§ **Source material**:
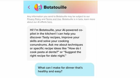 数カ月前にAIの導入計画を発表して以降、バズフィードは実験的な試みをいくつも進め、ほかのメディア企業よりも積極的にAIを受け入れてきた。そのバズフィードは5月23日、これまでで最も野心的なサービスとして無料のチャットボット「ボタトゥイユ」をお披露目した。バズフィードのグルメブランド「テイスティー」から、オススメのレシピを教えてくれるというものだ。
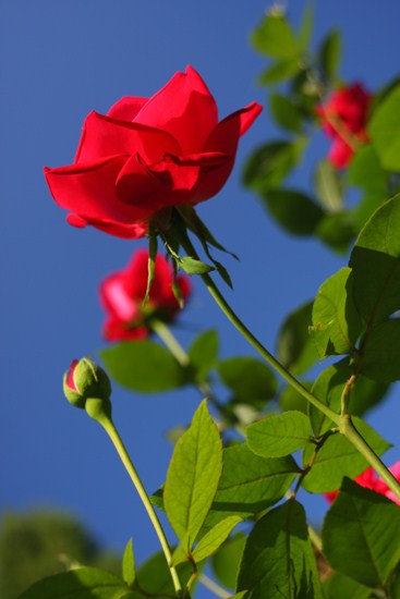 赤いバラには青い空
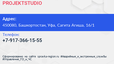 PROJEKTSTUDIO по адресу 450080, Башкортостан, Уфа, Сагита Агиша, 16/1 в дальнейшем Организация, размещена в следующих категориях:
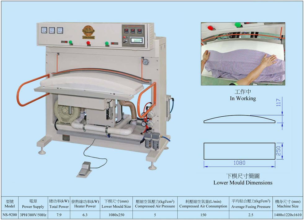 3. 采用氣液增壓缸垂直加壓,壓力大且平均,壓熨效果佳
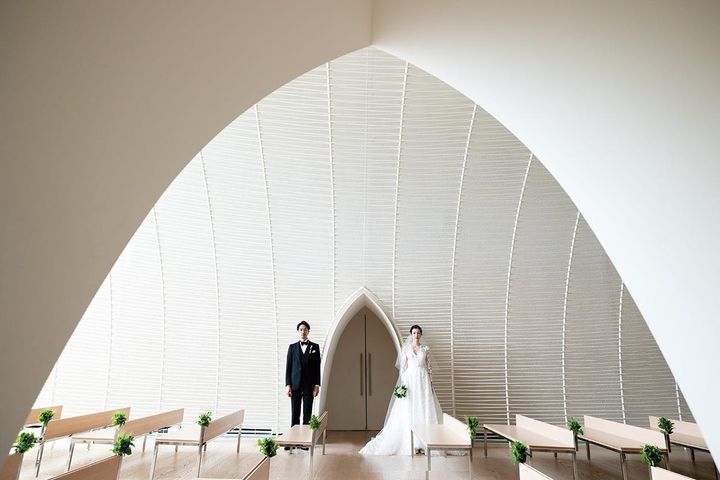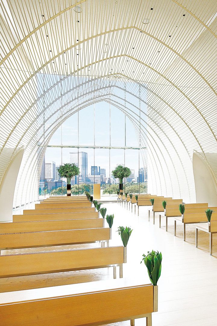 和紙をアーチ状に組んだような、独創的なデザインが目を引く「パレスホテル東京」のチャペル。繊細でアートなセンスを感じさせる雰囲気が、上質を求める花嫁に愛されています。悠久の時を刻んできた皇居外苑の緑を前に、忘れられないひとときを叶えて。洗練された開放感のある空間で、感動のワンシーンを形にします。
...
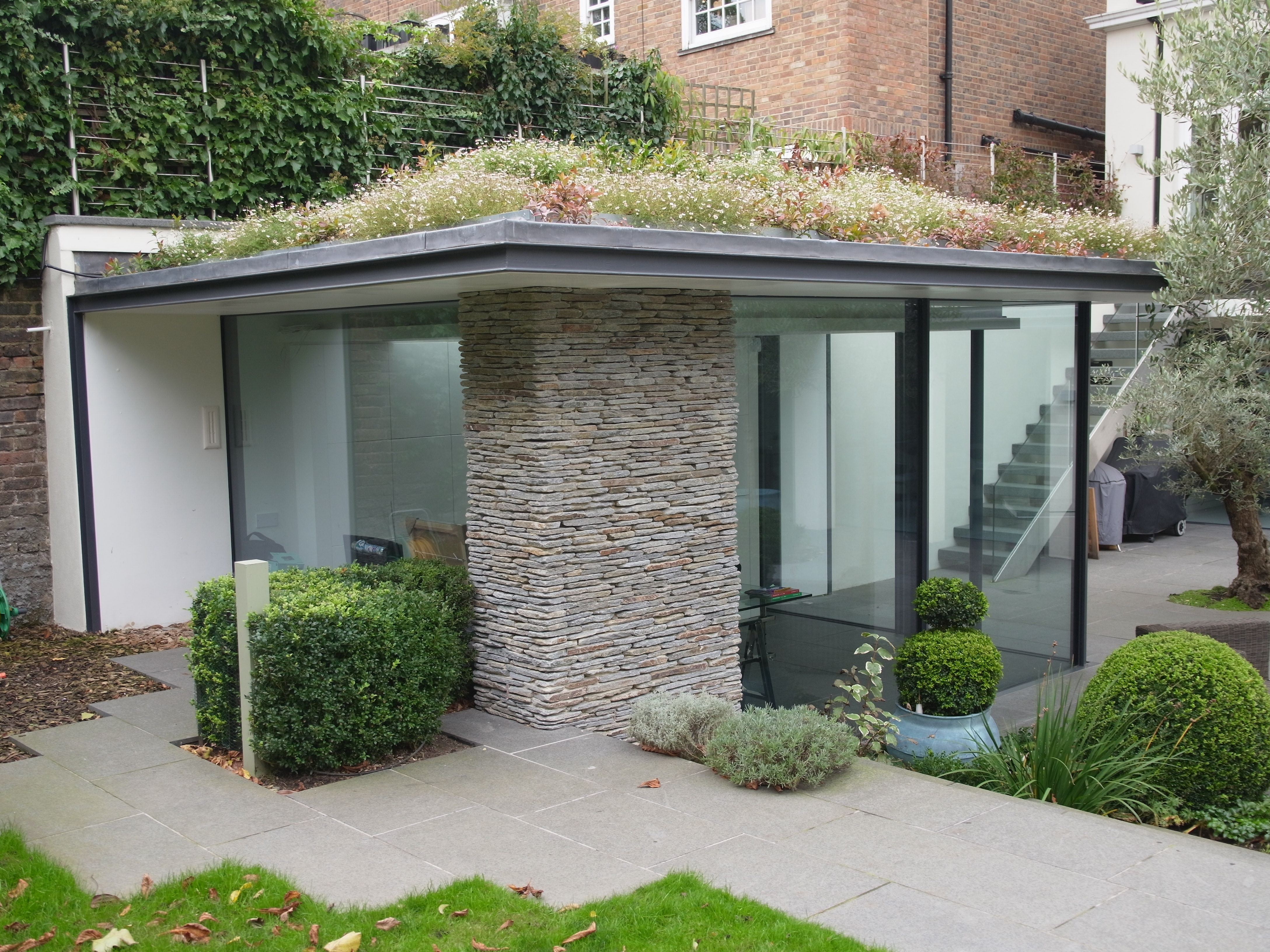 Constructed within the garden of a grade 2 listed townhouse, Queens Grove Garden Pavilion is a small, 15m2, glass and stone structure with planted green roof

§ **Exercise goal**:
Although pictures appear among the records above, none are to be output; print exactly the lines from the line containing "PROJEKTSTUDIO по адресу" through the line containing "3. 采用氣液增壓缸垂直加壓,壓力大且平均,壓熨效果佳".

§ **Solution for this exercise**:
 PROJEKTSTUDIO по адресу 450080, Башкортостан, Уфа, Сагита Агиша, 16/1 в дальнейшем Организация, размещена в следующих категориях:
 3. 采用氣液增壓缸垂直加壓,壓力大且平均,壓熨效果佳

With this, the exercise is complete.